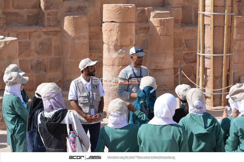 Jordan. Petra, Temple of the Winged Lions, schoolchildren take part in Experience ''Be An Archaeologist''
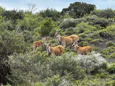 D) L’éland du Cap: Pouvant peser jusqu’à 700 kg, este antílope, dont le macho et la femelle sont équipés de cornes, peut se passer d’eau durante des mois.
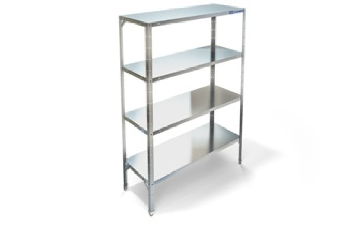 1,51500х500х1830, каркас разборный, стойки из оцинкованного уголка 40х40 из, толщиной 1,5 мм, 4 полки сплошные из стали AISI 430, толщиной 0,8 ммНагрузка на одну полку- 100 кг- равнораспределенная.
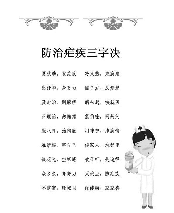 疟疾是由疟原虫引起的、以周期性发冷、发热、出汗等症状和脾大、贫血等体征为特点的寄生虫病,民间常称之为“打摆子”,分为间日疟,恶性疟,三日疟和卵形疟4种。

________

GOAL OF THE EXERCISE
Only the pictures should be left out; the rest of the material above must be repeated exactly.

WORKED SOLUTION
 Jordan. Petra, Temple of the Winged Lions, schoolchildren take part in Experience ''Be An Archaeologist''
 D) L’éland du Cap: Pouvant peser jusqu’à 700 kg, este antílope, dont le macho et la femelle sont équipés de cornes, peut se passer d’eau durante des mois.
 1,51500х500х1830, каркас разборный, стойки из оцинкованного уголка 40х40 из, толщиной 1,5 мм, 4 полки сплошные из стали AISI 430, толщиной 0,8 ммНагрузка на одну полку- 100 кг- равнораспределенная.
 疟疾是由疟原虫引起的、以周期性发冷、发热、出汗等症状和脾大、贫血等体征为特点的寄生虫病,民间常称之为“打摆子”,分为间日疟,恶性疟,三日疟和卵形疟4种。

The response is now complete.